1. A cylindrical thermal and acoustic shielding structure (2) is configured to cover a pipe (1) for transporting fluids that can reach various temperatures, Including the inner wall (3) and the outer wall (4), The barrier structure (2) is made of the same material as the barrier structure (2) and has at least one projection (5) that protrudes from its inner wall (3), thereby forming an air space (6) between the inner wall (3) and the pipe (1). The inner wall (3) of the barrier structure (2), which defines at least partially the projection (5), has a higher density than the outer wall (4) of the barrier structure (2), and the high density of the projection (5) arising from the inner wall (3) provides the projection (5) with resistance to deformation, and the entire barrier structure (2) having the inner wall (3) and the outer wall (4) is formed of the same material. Barrier structure (2).

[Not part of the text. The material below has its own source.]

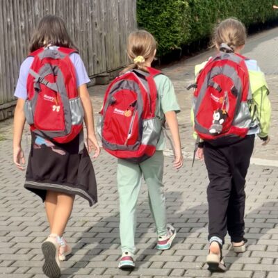Piątkowy ranek rozpoczęliśmy wspólną gimnastyką przy muzyce – do której ochoczo się przyłączyliśmy. Oprócz radosnego nieba i słońca rozświetlającego dziecięce twarze, dna dzieci czekały kolejne upominki: plecaki, czapeczki i inne upominki.

2. The blocking structure (2) according to claim 1, having at least two protrusions (5).

3. The barrier structure (2) according to claim 1 or 2, wherein the thickness of the inner wall measured by the projection (5) is between 0.1 mm and 5 mm.

4. The barrier structure (2) according to any one of claims 1 to 3, wherein the density of the outer wall (4) of the barrier structure (2) has a relative value between 40% and 70% of the density of the inner wall (3) of the barrier structure (2) at the projection (5).

5. The barrier structure (2) according to any one of claims 1 to 4, wherein the barrier material constituting the barrier structure (2) is mineral wool.

6. The blocking structure (2) according to any one of claims 1 to 5, wherein the projection (5) emerging from the inner wall (3) is rounded in the direction of the rotation axis (7) of the cylindrical body formed by the blocking structure (2).

7. The barrier structure (2) according to any one of claims 1 to 6, having a plurality of protrusions (5) appearing from the inner wall (3), wherein the plurality of protrusions (5) are angularly distributed in a regular manner.

8. The barrier structure (2) according to any one of claims 1 to 7, wherein the outer wall (4) is covered with a layer of leak-resistant material.

9. The barrier structure (2) according to claim 8, wherein the layer of leak-resistant material covering the outer wall (4) is a metal foil.

10. A method for manufacturing a thermal and acoustic shielding structure (2) according to any one of claims 1 to 9, - A step of wrapping the portion of the barrier material (35) around a mandrel (31) having an inverted shape (32), - A step of heating the barrier material with the mandrel (31), - A step of pressing the aforementioned portion (35) of the barrier material onto the mandrel (31) with a roller (34), including, method.